Delano Jerome "Tre" Demps III (born May 21, 1993) is a former American professional basketball player and current basketball analyst. He played college basketball at Northwestern.

==Early life and high school==
Demps was born in Portland, Oregon to Serene Wilson and Dell Demps. He grew up in the East Bay Area of California, but moved frequently during his childhood. He eventually settled in San Antonio, Texas after his father Dell was named the director of player personnel by the San Antonio Spurs. He attended and played basketball at Ronald Reagan High School and was named All-State twice. After averaging 19 points and four assists per game as a junior, Demps committed Northwestern over offers from Minnesota and Colorado.

==College career==
Demps played five seasons for the Wildcats, redshirting his freshman year after suffering a season-ending shoulder injury after four games. He finished his collegiate career with 1,518 points (12th-most in school history), 353 rebounds and 288 assists over 132 games (3rd-most in school history) and was named honorable mention All-Big Ten during his redshirt junior and senior seasons when he averaged 12.5 and 15.7 points per game. Following his redshirt senior season, Demps participated in the Portsmouth Invitational Tournament and led his team in scoring in each of its three games and averaged 16.3 points per game overall.

==Professional career==

===Belfius===
After going unselected in the 2016 NBA draft, Demps was signed by Chicago Bulls to their NBA Summer League roster but did not receive any playing time. Demps then signed with Belfius Mons-Hainaut of the Belgian Pro Basketball League (PBL) on July 20, 2016. In his first season of professional basketball, he averaged 14.2 points, 2.1 rebounds and 1.8 assists in 38 games. In his second season with the team, Demps averaged 13.6 points in 37 PBL games and 16.1 points in 16 games during the 2017–18 FIBA Europe Cup and was named to the Eurobasket.com All-Imports Team.

===Vanoli Cremona===
Demps signed with Vanoli Cremona of Italy's Lega Basket Serie A (LBA) on July 16, 2018. Cremona announced that Demps and the team had agreed to part ways on February 25, 2019. Demps averaged 10.5 points, 2.1 rebounds, and 1.2 assists in 17 games for Cremona.

===Kolossos Rodou===
Demps signed with Kolossos Rodou of the Greek Basket League (GBL) on February 26, 2019. He played in 10 games, all off the bench, and averaged 8.4 points, 3.0 rebounds and 1.6 assists per game as Kolossos finished last in the league with a 5–21 record.

===San Severo===
Demps returned to Italy after signing with Cestistica San Severo of the Italian second division, Serie A2 Basket, on July 29, 2019. He averaged 18.6 points, 3.6 rebounds and 3.2 assists per game and was named Player of the Month for September.
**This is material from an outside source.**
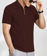 DEARISE Solid Men Zip Neck White T-Shirt
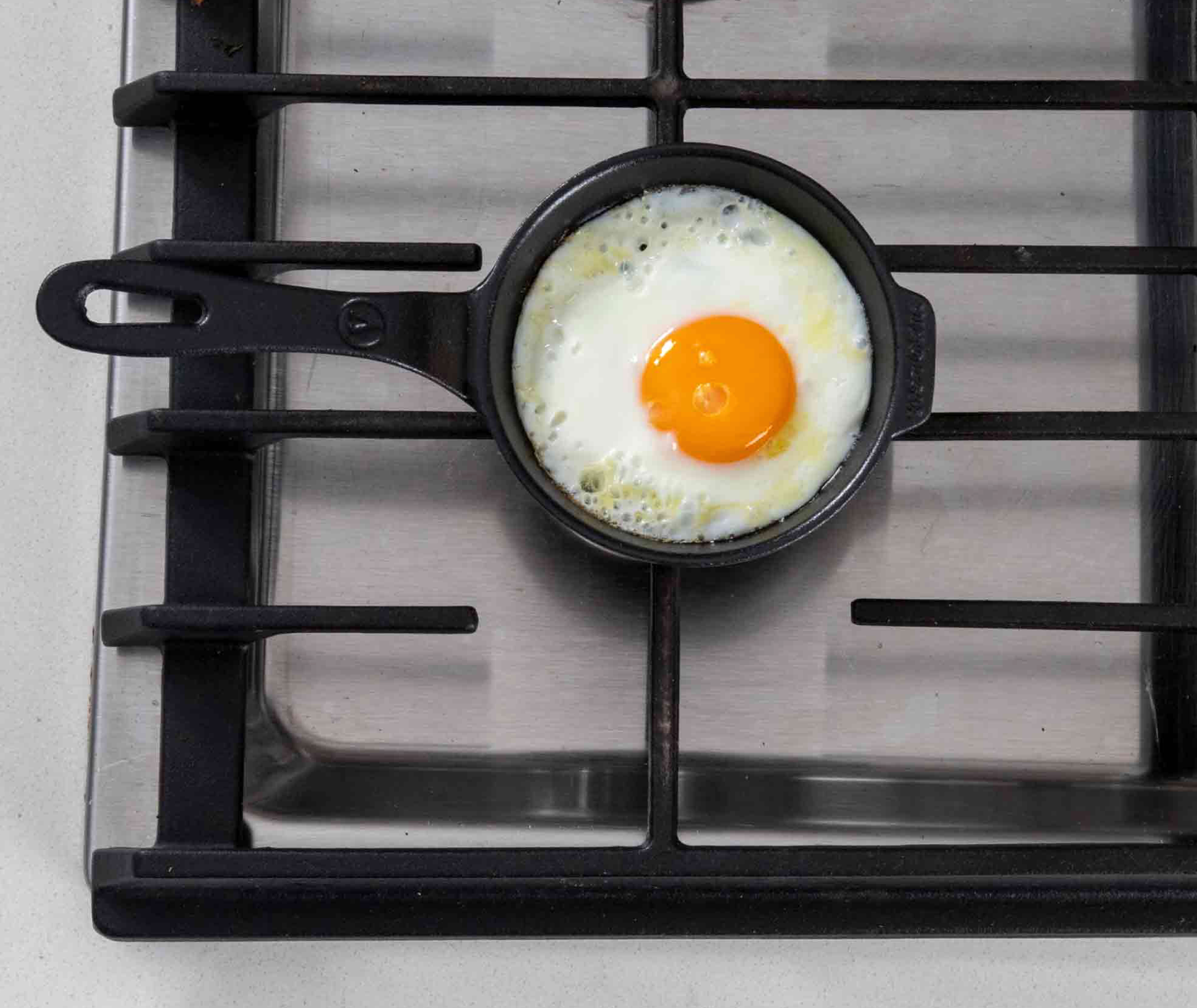 - Mini Skillet, 4.5" / 11.5 cm dia, seasoned cast iron.

On July 9, 2020, Demps signed with MHP Riesen Ludwigsburg. However, he parted ways with the team on October 1.

On May 10, 2022, Demps announced his retirement from basketball after battling hip arthritis. He now works as an analyst for NBC Sports and CBS Sports Network, following two seasons with the Big Ten Network.

==Personal life==
Demps is the son of former professional basketball player and former New Orleans Pelicans general manager Dell Demps. Tre is married to Heather Demps (née John), they have three children. He has spoken publicly about his Christian faith, which he has had since 2011.